### Instructions for the task
Write out again, exactly as they appear, the lines from the start of the data below through the line with "2、点击显示设置后,在缩放与"; no pictures.

### Dataset content
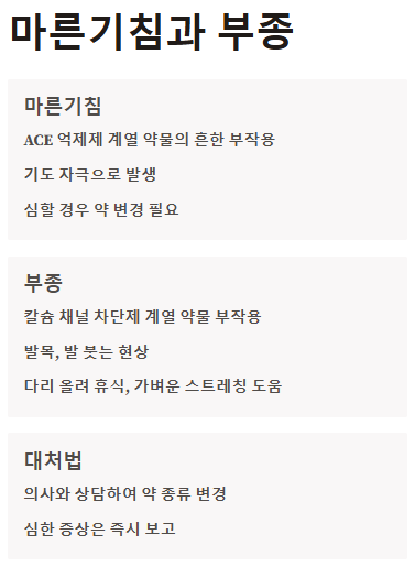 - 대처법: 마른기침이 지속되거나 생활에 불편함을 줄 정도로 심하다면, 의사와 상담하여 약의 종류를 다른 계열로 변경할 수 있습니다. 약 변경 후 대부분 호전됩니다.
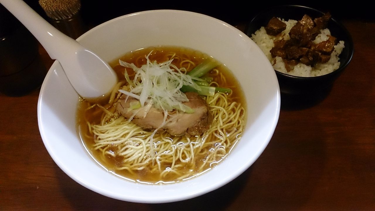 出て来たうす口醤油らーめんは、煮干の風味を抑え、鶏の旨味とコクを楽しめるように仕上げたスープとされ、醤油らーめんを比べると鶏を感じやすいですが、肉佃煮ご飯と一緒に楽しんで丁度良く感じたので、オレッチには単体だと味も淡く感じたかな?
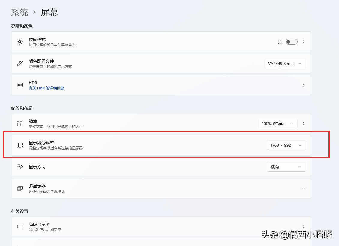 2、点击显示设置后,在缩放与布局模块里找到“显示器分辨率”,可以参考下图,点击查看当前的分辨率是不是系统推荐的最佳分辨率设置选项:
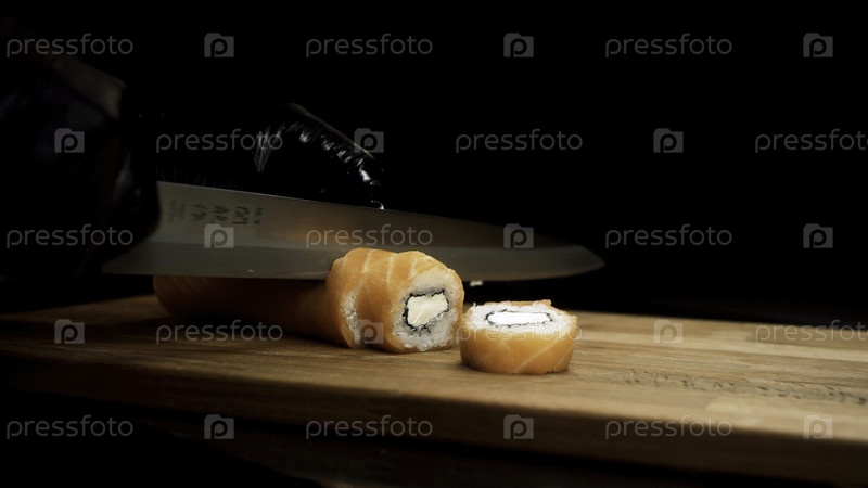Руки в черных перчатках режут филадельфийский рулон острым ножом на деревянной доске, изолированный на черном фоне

### Result
 - 대처법: 마른기침이 지속되거나 생활에 불편함을 줄 정도로 심하다면, 의사와 상담하여 약의 종류를 다른 계열로 변경할 수 있습니다. 약 변경 후 대부분 호전됩니다.
 出て来たうす口醤油らーめんは、煮干の風味を抑え、鶏の旨味とコクを楽しめるように仕上げたスープとされ、醤油らーめんを比べると鶏を感じやすいですが、肉佃煮ご飯と一緒に楽しんで丁度良く感じたので、オレッチには単体だと味も淡く感じたかな?
 2、点击显示设置后,在缩放与布局模块里找到“显示器分辨率”,可以参考下图,点击查看当前的分辨率是不是系统推荐的最佳分辨率设置选项:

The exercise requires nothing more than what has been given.